“EPFL Outstanding Ph.D Thesis Distinction in Civil and Environmental Engineering” 2020
Ph.D in the Computational Solid Mechanics Laboratory, LSMS
Thesis title: Bridging scales in Wear Modeling with Volume Integral Methods for Elastic-Plastic Contact
Friction and wear are fundamental tribological phenomena that affect many aspects of our society: from the gears of a Swiss watch to car brakes and earthquakes.

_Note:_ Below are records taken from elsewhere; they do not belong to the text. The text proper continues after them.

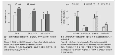 2.《中华实用诊断与治疗杂志》发表的文献报道,付等人对15名常规治疗的RA患者进行MSCs静脉输注,15名则为常规对照组,随访3月,结果显示:ACR20临床缓解状况评分、DAS28关节活动度评分和HAQ健康评分均有所改善,患者TNF-α、类风湿因子、C-反应蛋白水平等指标下降,血清IL-4、CD4+、CD8+比率升高,表明干细胞移植可提高RA患者机体免疫力,降低炎性反应及炎性因子水平。
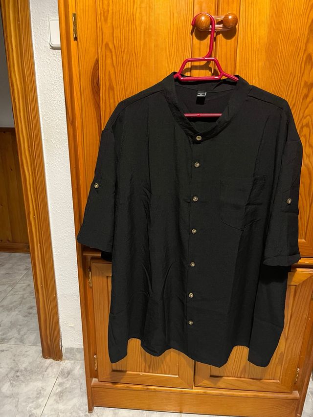 Camisa Negra Manga Corta Cuello Mao Caballero
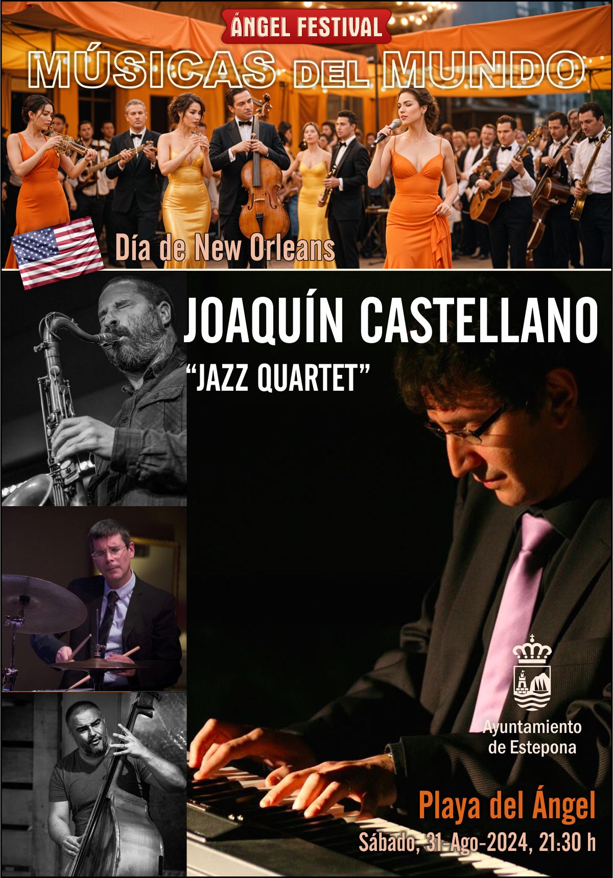 El sábado 31 estará dedicado a New Orleans. El músico y pianista Joaquín Castellano actuará con su cuarteto de jazz ‘Joaquín Castellano Jazz Quartet’, formado en 2019 junto a Emilio Big Márquez (contrabajo), Orestes Bosch (saxo tenor) y José Luis Gómez (batería).

Despite being integral parts of everyday life, friction and wear remain elusive to quantitative predictions. Their systematic study, since the seminal experiments of Da Vinci, Amontons and Coulomb, has been quasi-exclusively experimental. This limits our capacity to understand tribological systems to those that can be reproduced experimentally. Perhaps the most challenging factors are the profoundly multi-scale and multi-physics aspect of both friction and wear, as well as the difficulty of observing what occurs at frictional interfaces.

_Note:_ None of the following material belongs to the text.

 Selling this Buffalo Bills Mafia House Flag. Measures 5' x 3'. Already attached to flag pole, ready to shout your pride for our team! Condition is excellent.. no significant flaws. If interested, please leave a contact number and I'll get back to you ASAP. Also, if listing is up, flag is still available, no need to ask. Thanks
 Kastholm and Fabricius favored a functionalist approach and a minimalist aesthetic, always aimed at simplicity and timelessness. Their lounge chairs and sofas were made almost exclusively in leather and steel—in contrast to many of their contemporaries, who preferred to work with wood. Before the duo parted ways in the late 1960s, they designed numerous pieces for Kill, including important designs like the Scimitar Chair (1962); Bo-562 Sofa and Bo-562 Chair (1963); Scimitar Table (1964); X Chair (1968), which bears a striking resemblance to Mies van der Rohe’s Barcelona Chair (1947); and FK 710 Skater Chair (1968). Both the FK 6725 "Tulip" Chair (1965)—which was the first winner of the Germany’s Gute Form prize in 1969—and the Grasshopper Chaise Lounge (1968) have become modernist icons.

Due to natural or artificial roughness, things that appear in contact at the macro-scale actually only interact on an area that is much smaller than their apparent contact area. The processes that give rise to macroscopic friction and wear occur that the micro-contacts that make up this “true” contact area. During my thesis, I have developed simulation methods to accurately compute contact interfaces with multi-scale roughness. Because the true contact area is small, contact pressures can be very large, causing plastic (irreversible) deformation of the bodies in contact. To account for this effect, I developed a new approach to volume integral methods. My contributions allowed large scale simulations of plastic rough contact, which contributed to the understanding of the role of plasticity on the formation of cracks that can lead to wear debris detachment.
As a postdoctoral fellow at Johns Hopkins University in Baltimore, I study the micro-scale friction mechanisms of self-assembled monolayers and the wear of polymer systems.

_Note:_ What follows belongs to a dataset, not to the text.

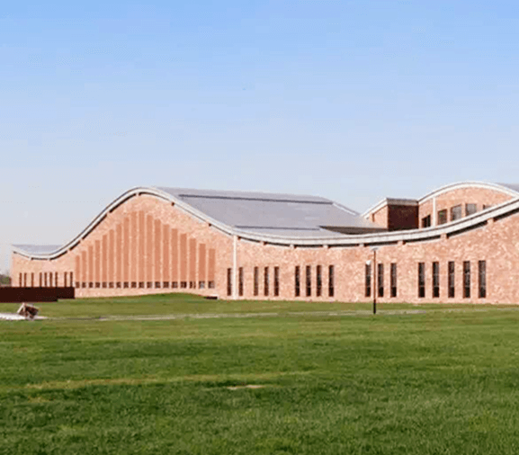 建筑基地北有石碑河,南有新石碑河兩條河流。建筑造型從所處環(huán)境出發(fā),以流動(dòng)的水作為媒體,這樣兩條舞動(dòng)的絲帶呼應(yīng)兩條河流成為建筑形象首選。如絲帶般飄逸的金屬屋頂弧線自然流暢,中間用內(nèi)庭院隔開(kāi),絲帶南北兩側(cè)呈對(duì)稱式布置。南北立面形象彼此呼應(yīng),完美互補(bǔ)。
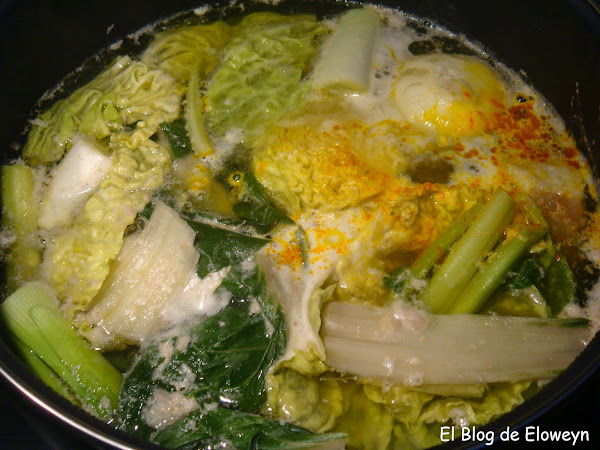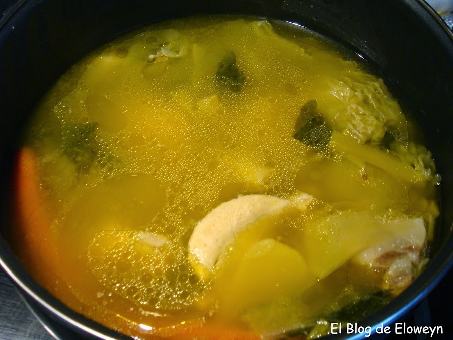 También hubo un pequeño error de cálculo. Pensé que me cabría todo en una olla y al final, como eran tantos ingredientes (creo que es la receta que con más ingredientes que he hecho en mi vida... jajaja), tuvimos que cambiar a una olla más grande. La segunda vez ya estaba yo preparada y salió bien. jajaja. Seguramente la receta se podría hacer de otra forma, pero os la pongo tal y como la hace mi madre.

Ph.D in the the Laboratory of Ecological Systems, ECOS
Thesis title: Alternative land use change scenarios for the expansion of a
more sustainable agriculture in the tropics.
Expansion of oil palm plantations in the tropics, particularly in Southeast Asian countries, has been blamed for unprecedented rates of deforestation in recent decades. The continuing expansion of oil palm agriculture across tropical countries poses significant threats and pressure to ecosystems and potentially the global climate. Along my PhD work, I assessed the impacts of alternative pathways for a more sustainable development of oil palm agriculture with a focus on carbon and soil biogeochemistry.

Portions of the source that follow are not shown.